─── Information supplied ───

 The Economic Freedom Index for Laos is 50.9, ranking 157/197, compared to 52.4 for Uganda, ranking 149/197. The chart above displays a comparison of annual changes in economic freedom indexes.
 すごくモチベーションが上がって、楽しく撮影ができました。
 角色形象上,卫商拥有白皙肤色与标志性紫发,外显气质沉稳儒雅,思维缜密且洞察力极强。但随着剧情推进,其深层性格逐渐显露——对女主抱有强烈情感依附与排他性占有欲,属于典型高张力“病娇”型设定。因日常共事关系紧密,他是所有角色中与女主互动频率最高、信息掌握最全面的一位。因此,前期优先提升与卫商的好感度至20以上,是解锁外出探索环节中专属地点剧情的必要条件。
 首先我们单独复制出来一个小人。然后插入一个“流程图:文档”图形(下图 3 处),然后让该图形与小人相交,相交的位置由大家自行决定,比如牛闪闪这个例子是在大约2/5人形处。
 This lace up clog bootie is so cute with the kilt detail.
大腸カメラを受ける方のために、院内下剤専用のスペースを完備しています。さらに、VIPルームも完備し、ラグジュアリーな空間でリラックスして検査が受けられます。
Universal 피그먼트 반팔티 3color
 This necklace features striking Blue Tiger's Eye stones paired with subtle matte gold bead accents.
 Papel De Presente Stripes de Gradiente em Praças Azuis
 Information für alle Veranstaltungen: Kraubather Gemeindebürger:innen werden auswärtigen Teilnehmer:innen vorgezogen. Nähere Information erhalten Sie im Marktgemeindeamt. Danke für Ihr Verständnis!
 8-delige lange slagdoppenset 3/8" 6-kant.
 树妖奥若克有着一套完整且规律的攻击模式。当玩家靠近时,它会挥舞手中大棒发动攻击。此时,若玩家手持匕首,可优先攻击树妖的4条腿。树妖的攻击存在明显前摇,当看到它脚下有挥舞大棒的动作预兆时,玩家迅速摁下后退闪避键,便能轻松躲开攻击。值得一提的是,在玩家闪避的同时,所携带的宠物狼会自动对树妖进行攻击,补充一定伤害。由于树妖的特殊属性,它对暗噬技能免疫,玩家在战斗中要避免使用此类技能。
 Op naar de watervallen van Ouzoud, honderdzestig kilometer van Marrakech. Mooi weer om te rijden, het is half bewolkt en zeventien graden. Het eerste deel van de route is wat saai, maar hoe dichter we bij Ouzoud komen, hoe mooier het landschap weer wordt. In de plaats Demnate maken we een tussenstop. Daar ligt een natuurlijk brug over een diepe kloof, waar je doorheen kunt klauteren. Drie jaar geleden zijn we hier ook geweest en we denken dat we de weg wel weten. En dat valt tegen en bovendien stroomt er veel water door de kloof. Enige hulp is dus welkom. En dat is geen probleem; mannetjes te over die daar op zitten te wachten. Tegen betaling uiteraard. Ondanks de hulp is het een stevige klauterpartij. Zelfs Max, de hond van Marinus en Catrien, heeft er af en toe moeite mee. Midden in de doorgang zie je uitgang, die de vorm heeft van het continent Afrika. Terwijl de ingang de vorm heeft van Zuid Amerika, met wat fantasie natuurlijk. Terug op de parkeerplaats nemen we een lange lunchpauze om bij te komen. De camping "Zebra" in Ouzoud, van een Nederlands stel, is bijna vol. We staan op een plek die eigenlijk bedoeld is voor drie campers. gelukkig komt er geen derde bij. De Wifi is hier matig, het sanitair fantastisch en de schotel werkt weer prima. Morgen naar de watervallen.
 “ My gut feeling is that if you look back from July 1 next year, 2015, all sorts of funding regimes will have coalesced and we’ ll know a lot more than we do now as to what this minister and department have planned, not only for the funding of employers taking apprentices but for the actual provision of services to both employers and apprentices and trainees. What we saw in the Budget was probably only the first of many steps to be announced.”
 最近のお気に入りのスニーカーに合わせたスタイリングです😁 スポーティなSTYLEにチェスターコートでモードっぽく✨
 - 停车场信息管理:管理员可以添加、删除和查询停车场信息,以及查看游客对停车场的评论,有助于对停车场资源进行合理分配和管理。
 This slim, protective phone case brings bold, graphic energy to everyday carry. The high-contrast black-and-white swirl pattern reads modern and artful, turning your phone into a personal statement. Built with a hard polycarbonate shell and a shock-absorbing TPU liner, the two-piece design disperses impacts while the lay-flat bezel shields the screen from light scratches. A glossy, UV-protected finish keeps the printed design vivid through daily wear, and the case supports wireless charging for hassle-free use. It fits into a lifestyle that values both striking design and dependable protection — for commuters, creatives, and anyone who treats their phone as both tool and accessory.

───

§ **Problem details**:
Among the entries above, copy exactly only the lines starting with the one containing "Universal 피그먼트 반팔티 3color" and going through the one containing "Op naar de watervallen", both ends included.

§ **Response for this exercise**:
Universal 피그먼트 반팔티 3color
 This necklace features striking Blue Tiger's Eye stones paired with subtle matte gold bead accents.
 Papel De Presente Stripes de Gradiente em Praças Azuis
 Information für alle Veranstaltungen: Kraubather Gemeindebürger:innen werden auswärtigen Teilnehmer:innen vorgezogen. Nähere Information erhalten Sie im Marktgemeindeamt. Danke für Ihr Verständnis!
 8-delige lange slagdoppenset 3/8" 6-kant.
 树妖奥若克有着一套完整且规律的攻击模式。当玩家靠近时,它会挥舞手中大棒发动攻击。此时,若玩家手持匕首,可优先攻击树妖的4条腿。树妖的攻击存在明显前摇,当看到它脚下有挥舞大棒的动作预兆时,玩家迅速摁下后退闪避键,便能轻松躲开攻击。值得一提的是,在玩家闪避的同时,所携带的宠物狼会自动对树妖进行攻击,补充一定伤害。由于树妖的特殊属性,它对暗噬技能免疫,玩家在战斗中要避免使用此类技能。
 Op naar de watervallen van Ouzoud, honderdzestig kilometer van Marrakech. Mooi weer om te rijden, het is half bewolkt en zeventien graden. Het eerste deel van de route is wat saai, maar hoe dichter we bij Ouzoud komen, hoe mooier het landschap weer wordt. In de plaats Demnate maken we een tussenstop. Daar ligt een natuurlijk brug over een diepe kloof, waar je doorheen kunt klauteren. Drie jaar geleden zijn we hier ook geweest en we denken dat we de weg wel weten. En dat valt tegen en bovendien stroomt er veel water door de kloof. Enige hulp is dus welkom. En dat is geen probleem; mannetjes te over die daar op zitten te wachten. Tegen betaling uiteraard. Ondanks de hulp is het een stevige klauterpartij. Zelfs Max, de hond van Marinus en Catrien, heeft er af en toe moeite mee. Midden in de doorgang zie je uitgang, die de vorm heeft van het continent Afrika. Terwijl de ingang de vorm heeft van Zuid Amerika, met wat fantasie natuurlijk. Terug op de parkeerplaats nemen we een lange lunchpauze om bij te komen. De camping "Zebra" in Ouzoud, van een Nederlands stel, is bijna vol. We staan op een plek die eigenlijk bedoeld is voor drie campers. gelukkig komt er geen derde bij. De Wifi is hier matig, het sanitair fantastisch en de schotel werkt weer prima. Morgen naar de watervallen.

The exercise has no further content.